It's Pumpkin Season!
Friday, October 3, 2014

Es gibt zwei Arten von Menschen. Eine liebt die alljährliche Flut des Kürbishypes im Herbst, die andere hasst sie. In den Staaten hat der übliche Run auf alle Kürbis-Specials bereits begonnen und auch bei uns auf den Märkten türmen sich die verschiedensten Kürbissorten übereinander. Für mich persönlich bietet der Kürbis eine hervorragende Zutat für Rezepte aller Art, ob süss oder salzig. Deshalb gibt es jetzt von mir ein herbstliches Gericht, in dem der allgegenwärtige Kürbis natürlich nicht fehlen darf. Es wird ein bisschen scharf sein und geht von der Geschmacksrichtung her in das Orientalische.

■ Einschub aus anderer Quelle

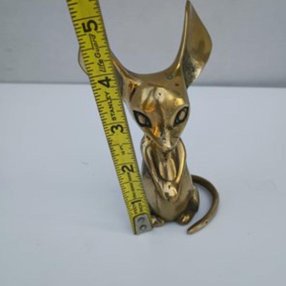 Delightful vintage solid brass mouse figurine handcrafted in Korea by K.P. Enterprise! This charming Mid-Century piece showcases the exceptional brass craftsmanship Korea became renowned for during the 1950s-60s. Featuring oversized ears, expressive eyes, and a gracefully curled tail, this whimsical mouse makes a perfect paperweight or decorative accent.
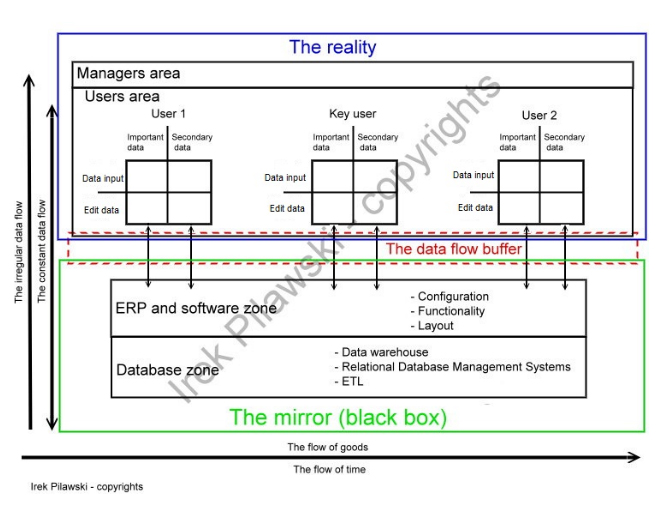 Ktoś zapyta. Dlaczego strefa Systemu Informatycznego została nazwana „Lustro” lub „Czarna Skrzynka”? Dlaczego lustro? Ponieważ system informatyczny jest jak lustro przekazuje nam obraz rzeczywistości. Jeżeli lustro jest brudne lub zniekształcone, przekazuje nam obraz niepełny lub zniekształcony. Tak samo robi to system informatyczny w stosunku do tego co dzieje się w firmie. Dlaczego czarna skrzynka? Ponieważ jest to strefa w dużym stopniu niezrozumiała i tak zwykle widzi ją większość użytkowników systemu pracujących w innych działach niż IT.

Vorbereitungszeit: ca.15min
Zubereitungszeit: 45min

Kürbisgemüse mit Couscous


Zutaten: (für 4 Personen)
- ca. 400g Kürbisfleisch (Ich habe Butternut genommen)
- 1-2 Dosen gehackte Tomaten (je nachdem welche Saucendicke man bevorzugt)
- 1 grosse Zwiebel
- 2 Knoblauchzehen
- 1 Dose Kichererbsen (fertig zum Verzehr)
- 100g Tieflühlerbsen
- 1 Teelöffel Harissa
- 1/2 Teelöffel Zimt
- Salz und Pfeffer
- evt. frischer Koriander
- Olivenöl zum Andünsten


Harissa ist mittlerweile in  fast allen grössere Einkaufsläden erhältlich. Anonsten ginge als Alternative auch Sambal Oelek, wobei man davon nur eine Messerspitze reingeben darf. Wer überhaupt nicht auf Scharfes steht, soll das Harissa ganz weglassen. Wer Koriander nicht mag, kann auch diesen getrost weglassen. Wer seinen Eintopf gerne flüssiger hat, wählt 2 Dosen Tomaten, wer es eher dicker mag, so wie ich, wählt nur eine.

Zubereitung:
1. Schneide die Zwiebel in Streifen oder in Würfel, nach deinen Vorlieben. Anschliessend kannst du den Kürbis, falls nicht schon getan, schälen, aushöhlen und in 10cm Würfel schneiden, also etwa Daumengrösse.
2. Dünste die Zwiebelstreifen in Olivenöl bei mittlerer Hitze an. Füge anschliessend die Zwei Knoblauchzehen dazu. Entweder schneidest du diese zuvor ganz klein oder du wählst den einfacheren Weg und presst sie durch die Knoblauchpresse. Tipp: Lass die Schale dran, anschliessend kann man die Presse viel einfacher säubern!
3. Pass auf, dass nichts angebrannt wird und rühre regelmässig. Nach etwa 2min fügst du das Harissa, den Zimt und falls gewünscht auch den Koriander hinzu, damit sich der Geruch entfalten kann.
4. Nach ungefähr einer halben Minute kannst du die gehackten Tomaten und die Kürbiswüfel hinzufügen.
5. Füge 100ml Gemüsebrühe hinzu und bringe das Ganze zum kochen. Anschliessend auf eine niedere Stufe stellen, Deckel drauf und 30min vor sich hin köcheln lassen, mit gelegentlichem Umrühren.
6. In der Zwischenzeit kann man sich um die Beilagen kümmern. Ich persönlich habe mich für Couscous entschieden. Dazu passt auch: Reis, Quinoa, Nudeln, Kartoffelstock etc.
7. Nun kannst du die Kichererbsen (abtropfen nicht vergessen!) und die grünen Erbsen hinzufügen, umrühren und nochmals 10min köcheln lassen.
8. Jetzt nur noch mit Salz, Pfeffer abschmecken, eventuell noch frische Koriander hinzugeben und anrichten!

Bon appetit!

Tipp:
Ich habe das ganze noch mit Chutney aufgewertet. Das passt hervorragend dazu. Und am besten ist das Gericht, wenn man einfach alles durchmengt.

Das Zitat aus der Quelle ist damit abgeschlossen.